Sri Lanka hotels had slashed rate by around 50 percent in May and June to increase occupancy. Some hotels are already quoting similar rates for the same months in 2020.
Sri Lanka is sometimes seen as pricey compared to East Asian rivals and prices now more comparable on booking engines.
Central Bank Governor, Indrajith Coomaraswamy had also said that while occupancy rates at hotels are picking up even for the winter season (November through February) revenues may be pressured due to discounted prices.
Occupancy rates at hotels across the country had fallen to below 10 percent in May, but has recovered, with some chains such as Jetwing claiming occupancy rates of around 50-60 percent for July with discounts also being offered for local tourists.
Rohan Gamage, President of Bentota/ Beruwela Hoteliers Association said that occupancy at hotels in the resort area are only around 30 percent, including locals, compared to 80 percent before the attacks.

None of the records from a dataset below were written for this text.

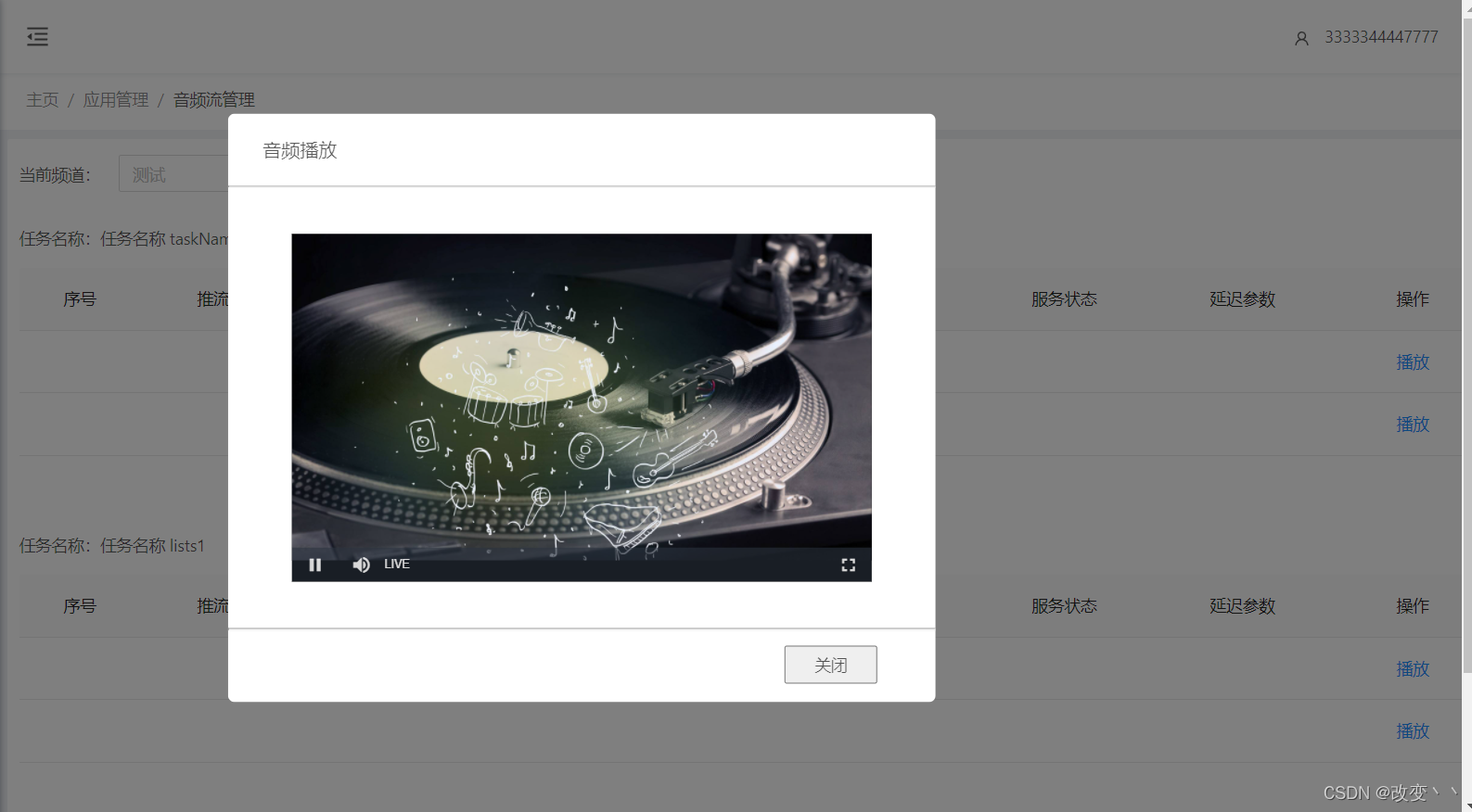 methods: {// 播放play () {// 打开弹层this.show = true// 准备video容器this.$refs.myBox.innerHTML = ''// 点击时调用子组件内的方法,初始化video.jsthis.$refs.audio.getVideo()// 调用方法获取流地址this.$refs.audio.getUrl()}
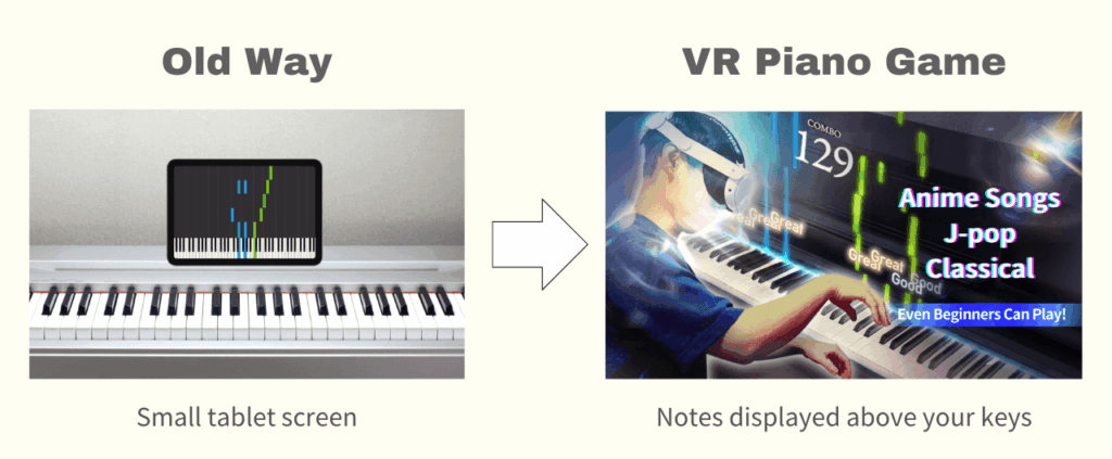 Nous avons développé « Sigure », un jeu de piano en réalité virtuelle qui te permet de jouer facilement tes chansons japonaises préférées – comme si c’était un jeu !
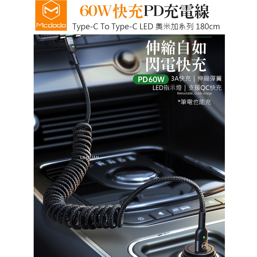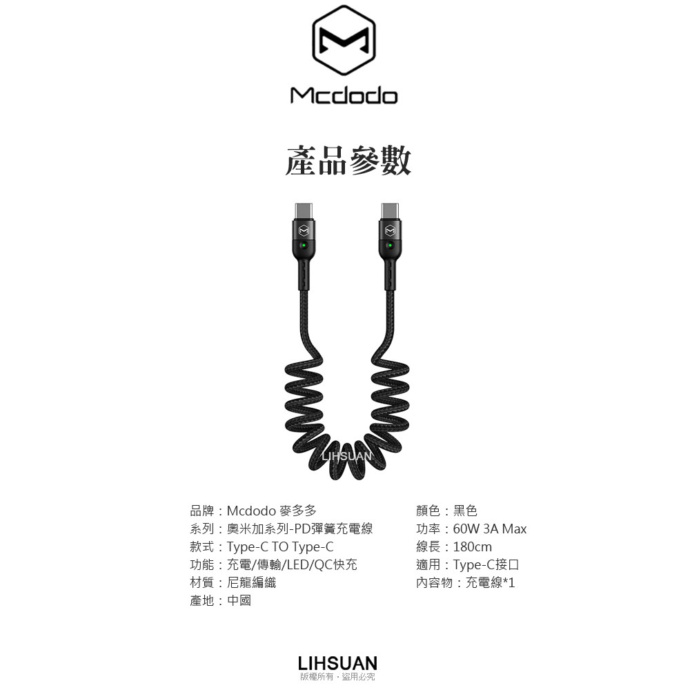 Mcdodo 雙Type-C/PD充電線傳輸線快充線閃充線 指示燈 彈簧 QC 奧米加系列 180cm 麥多多

Hotels in the Western and Southern coasts fall after Monsoon rains start in May, but Sri Lanka’s East coast and Kandy as well as ancient cities are popular around that time.
Arrivals to Sri Lanka have picked up, from a 71 percent fall in May to a 57 percent fall in June, and in the first two weeks of July, the recovery has accelerated further, the state tourism office has said.
The government has launched a number of tourism promotion programs, and has cut airport taxes and charges in an attempt to lower air fares to Sri Lanka.